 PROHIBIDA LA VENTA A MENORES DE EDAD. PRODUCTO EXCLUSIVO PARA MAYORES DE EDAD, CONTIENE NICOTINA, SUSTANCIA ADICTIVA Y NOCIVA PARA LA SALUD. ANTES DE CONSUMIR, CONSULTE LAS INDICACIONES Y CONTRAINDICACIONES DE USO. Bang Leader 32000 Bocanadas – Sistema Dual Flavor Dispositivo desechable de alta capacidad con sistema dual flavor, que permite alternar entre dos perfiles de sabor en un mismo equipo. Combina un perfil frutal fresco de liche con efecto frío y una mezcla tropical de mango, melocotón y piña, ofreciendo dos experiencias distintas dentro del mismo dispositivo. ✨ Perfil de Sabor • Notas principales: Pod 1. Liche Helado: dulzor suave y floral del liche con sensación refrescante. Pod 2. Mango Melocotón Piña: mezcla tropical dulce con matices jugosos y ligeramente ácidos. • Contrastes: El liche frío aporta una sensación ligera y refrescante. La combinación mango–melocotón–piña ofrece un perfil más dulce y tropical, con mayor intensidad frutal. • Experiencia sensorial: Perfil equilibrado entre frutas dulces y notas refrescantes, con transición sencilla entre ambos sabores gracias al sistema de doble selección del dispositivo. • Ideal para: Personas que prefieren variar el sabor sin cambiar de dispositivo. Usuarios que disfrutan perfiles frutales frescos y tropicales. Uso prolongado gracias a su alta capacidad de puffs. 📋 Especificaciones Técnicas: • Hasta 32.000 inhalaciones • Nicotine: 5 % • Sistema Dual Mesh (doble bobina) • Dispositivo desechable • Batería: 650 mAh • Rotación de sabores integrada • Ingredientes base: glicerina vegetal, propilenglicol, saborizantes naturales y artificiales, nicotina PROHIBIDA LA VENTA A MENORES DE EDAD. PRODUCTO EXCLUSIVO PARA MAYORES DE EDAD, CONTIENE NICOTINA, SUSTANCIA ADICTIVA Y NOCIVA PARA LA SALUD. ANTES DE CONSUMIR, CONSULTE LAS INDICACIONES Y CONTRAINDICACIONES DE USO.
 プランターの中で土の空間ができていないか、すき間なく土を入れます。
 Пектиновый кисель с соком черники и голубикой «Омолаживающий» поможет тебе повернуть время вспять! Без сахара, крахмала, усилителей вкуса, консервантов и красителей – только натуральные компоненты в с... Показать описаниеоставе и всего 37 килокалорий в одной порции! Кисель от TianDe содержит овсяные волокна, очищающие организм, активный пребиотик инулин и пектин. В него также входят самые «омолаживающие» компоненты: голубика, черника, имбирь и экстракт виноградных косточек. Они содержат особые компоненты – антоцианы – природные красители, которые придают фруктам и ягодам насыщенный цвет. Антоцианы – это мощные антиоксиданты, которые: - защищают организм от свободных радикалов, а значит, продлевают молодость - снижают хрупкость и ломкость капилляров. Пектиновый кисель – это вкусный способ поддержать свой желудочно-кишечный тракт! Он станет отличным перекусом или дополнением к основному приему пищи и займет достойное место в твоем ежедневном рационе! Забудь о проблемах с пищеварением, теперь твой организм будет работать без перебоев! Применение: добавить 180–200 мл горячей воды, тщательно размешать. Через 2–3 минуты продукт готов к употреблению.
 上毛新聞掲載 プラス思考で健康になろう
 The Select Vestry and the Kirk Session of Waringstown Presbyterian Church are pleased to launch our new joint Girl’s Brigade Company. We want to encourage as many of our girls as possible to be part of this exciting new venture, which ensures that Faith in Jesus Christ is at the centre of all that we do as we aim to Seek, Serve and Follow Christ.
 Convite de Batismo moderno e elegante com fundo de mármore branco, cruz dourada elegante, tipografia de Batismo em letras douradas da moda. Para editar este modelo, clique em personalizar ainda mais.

Brief.
Take the line above containing "上毛新聞掲載 プラス思考で健康になろう", the line containing "The Select Vestry", and all lines in between, and copy them exactly without anything else.

Final answer.
 上毛新聞掲載 プラス思考で健康になろう
 The Select Vestry and the Kirk Session of Waringstown Presbyterian Church are pleased to launch our new joint Girl’s Brigade Company. We want to encourage as many of our girls as possible to be part of this exciting new venture, which ensures that Faith in Jesus Christ is at the centre of all that we do as we aim to Seek, Serve and Follow Christ.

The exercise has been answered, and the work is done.